* RECORDS SHOWN *
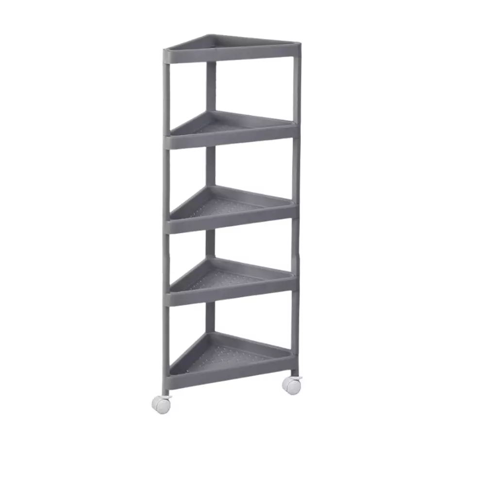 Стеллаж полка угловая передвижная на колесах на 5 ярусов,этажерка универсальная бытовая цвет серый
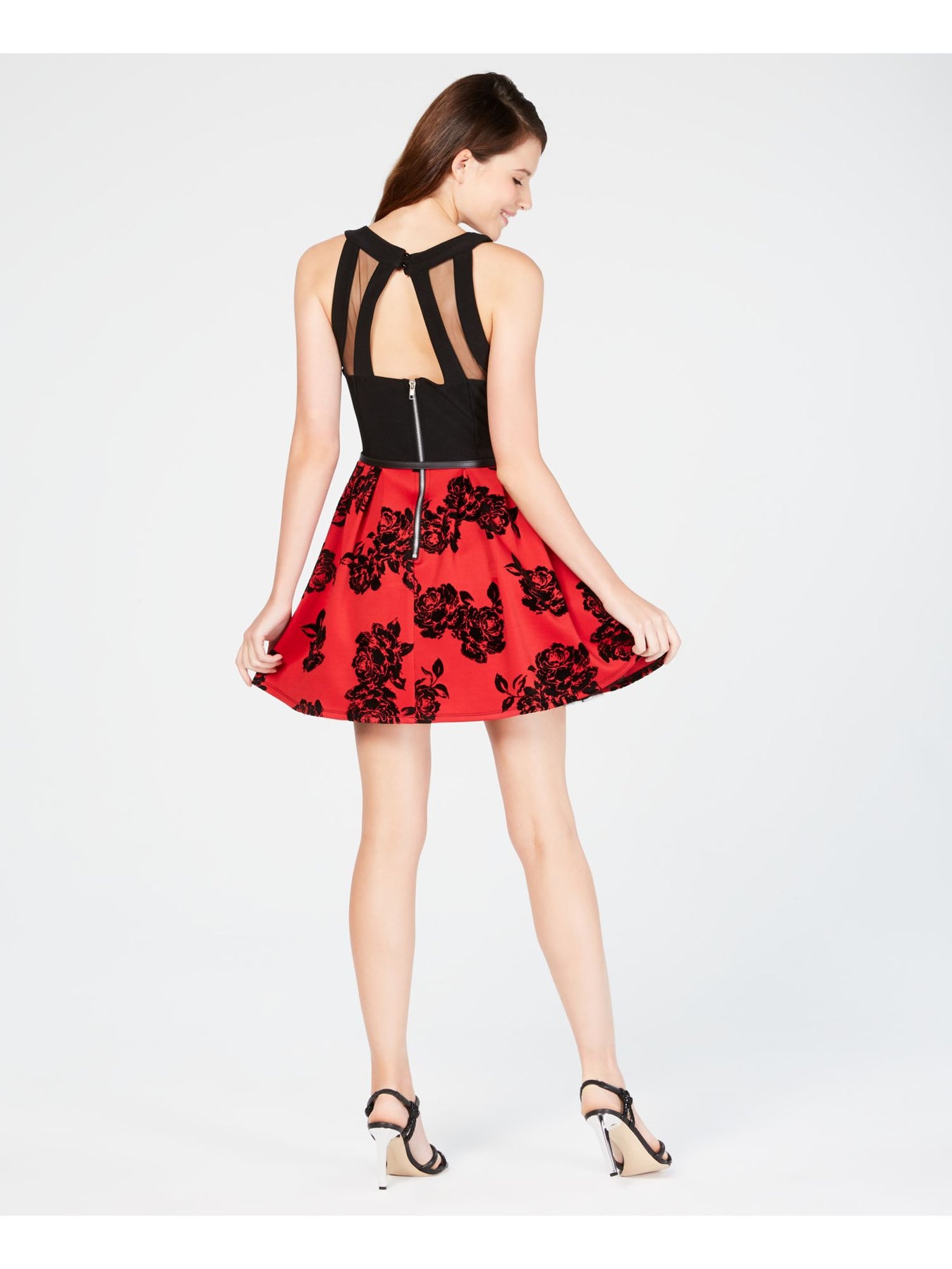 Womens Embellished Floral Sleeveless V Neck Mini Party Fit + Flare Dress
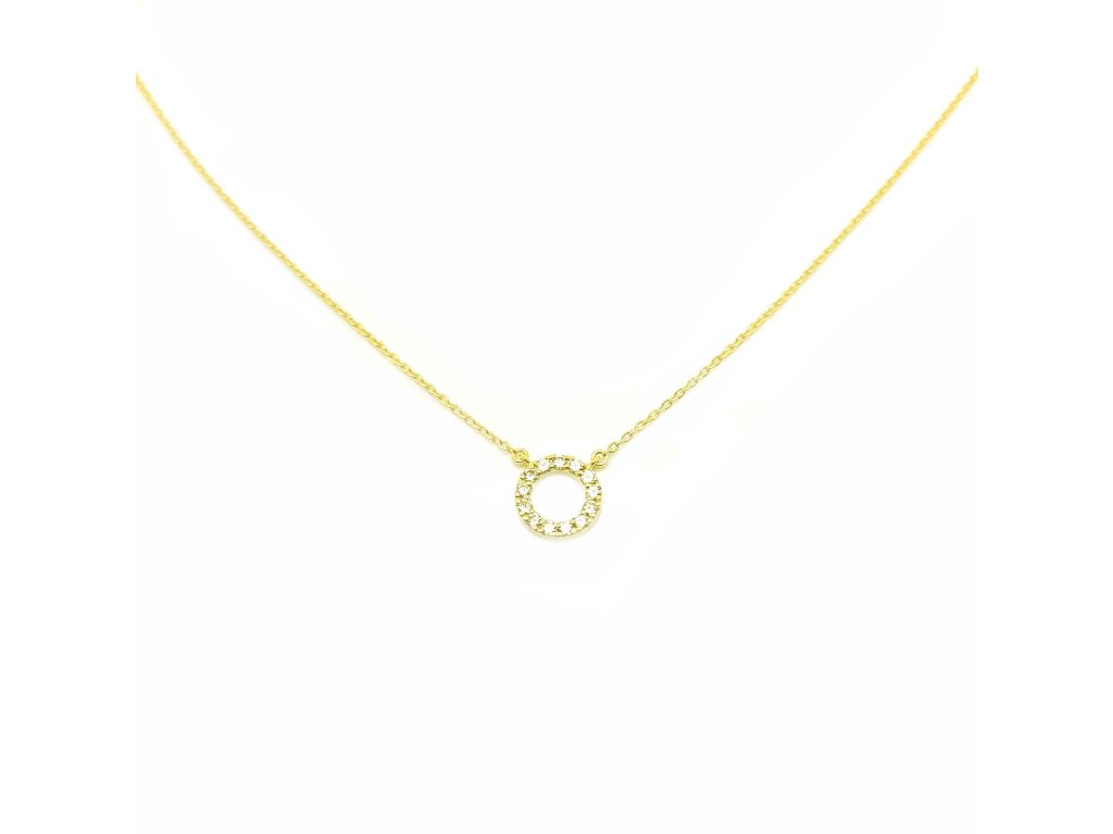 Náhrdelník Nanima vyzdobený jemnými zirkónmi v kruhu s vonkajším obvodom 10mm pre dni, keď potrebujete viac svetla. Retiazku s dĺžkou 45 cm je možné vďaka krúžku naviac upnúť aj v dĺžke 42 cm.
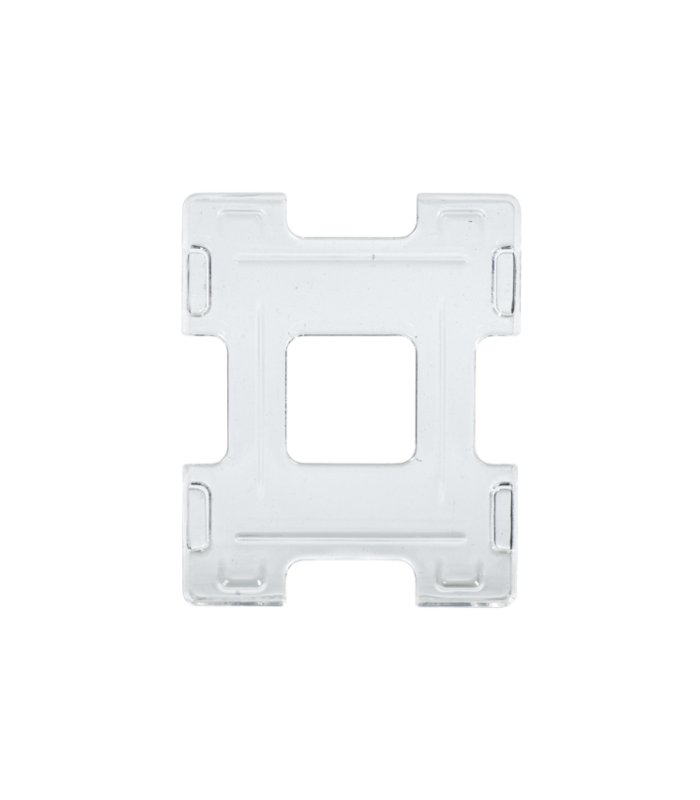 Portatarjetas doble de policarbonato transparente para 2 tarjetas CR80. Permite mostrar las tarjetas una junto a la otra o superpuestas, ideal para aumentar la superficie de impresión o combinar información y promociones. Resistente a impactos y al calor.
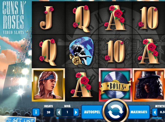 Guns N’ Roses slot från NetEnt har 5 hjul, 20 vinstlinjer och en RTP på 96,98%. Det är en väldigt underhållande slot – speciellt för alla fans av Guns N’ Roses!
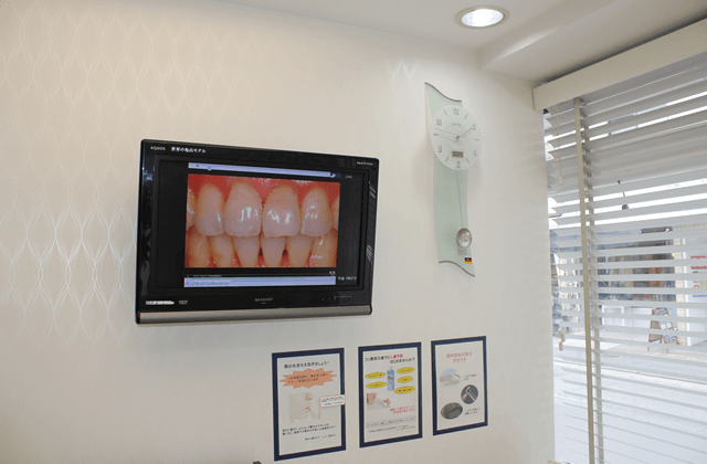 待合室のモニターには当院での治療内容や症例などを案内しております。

* ABOUT THIS TASK *
Of all the material above, only the lines from the one that has "Womens Embellished Floral" down to the one that has "Náhrdelník Nanima vyzdobený" are to be written out, exactly and with both ends included. Pictures are skipped.

* EXERCISE RESPONSE *
 Womens Embellished Floral Sleeveless V Neck Mini Party Fit + Flare Dress
 Náhrdelník Nanima vyzdobený jemnými zirkónmi v kruhu s vonkajším obvodom 10mm pre dni, keď potrebujete viac svetla. Retiazku s dĺžkou 45 cm je možné vďaka krúžku naviac upnúť aj v dĺžke 42 cm.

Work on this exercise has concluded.